• _DATA SHOWN_
+===+
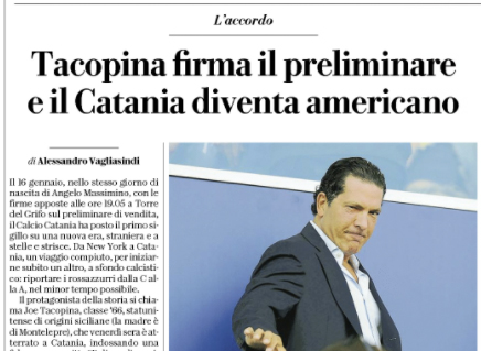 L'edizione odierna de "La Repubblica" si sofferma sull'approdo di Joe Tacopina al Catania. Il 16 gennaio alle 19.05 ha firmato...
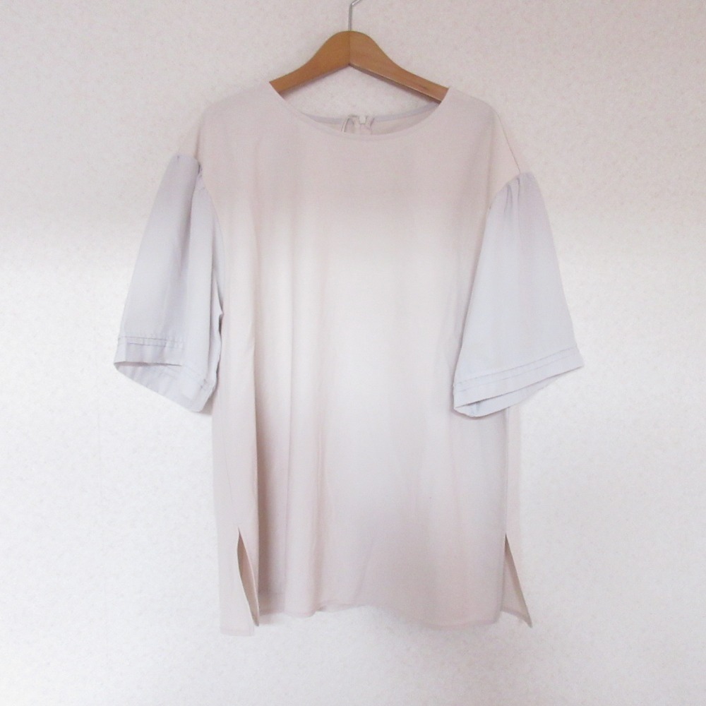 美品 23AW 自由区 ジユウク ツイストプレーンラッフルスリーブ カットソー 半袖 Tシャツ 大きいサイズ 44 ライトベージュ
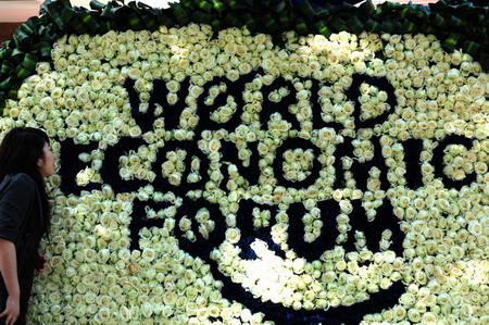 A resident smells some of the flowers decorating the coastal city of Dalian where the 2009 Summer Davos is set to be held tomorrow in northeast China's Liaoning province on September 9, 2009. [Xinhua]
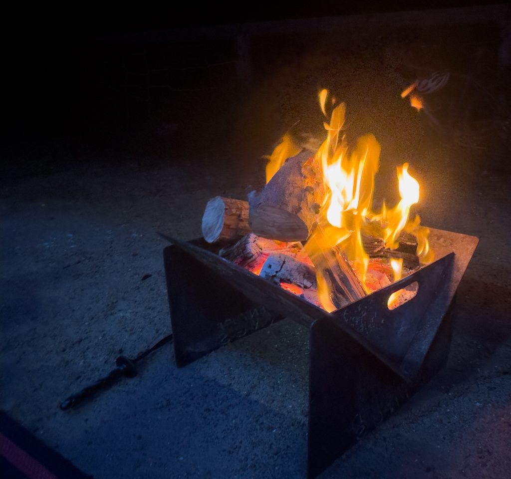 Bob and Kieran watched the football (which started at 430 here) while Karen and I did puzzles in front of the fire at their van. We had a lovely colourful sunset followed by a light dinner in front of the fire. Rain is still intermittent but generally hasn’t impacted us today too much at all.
+===+
Leave out the pictures and return the listing exactly.

 L'edizione odierna de "La Repubblica" si sofferma sull'approdo di Joe Tacopina al Catania. Il 16 gennaio alle 19.05 ha firmato...
 美品 23AW 自由区 ジユウク ツイストプレーンラッフルスリーブ カットソー 半袖 Tシャツ 大きいサイズ 44 ライトベージュ
 A resident smells some of the flowers decorating the coastal city of Dalian where the 2009 Summer Davos is set to be held tomorrow in northeast China's Liaoning province on September 9, 2009. [Xinhua]
 Bob and Kieran watched the football (which started at 430 here) while Karen and I did puzzles in front of the fire at their van. We had a lovely colourful sunset followed by a light dinner in front of the fire. Rain is still intermittent but generally hasn’t impacted us today too much at all.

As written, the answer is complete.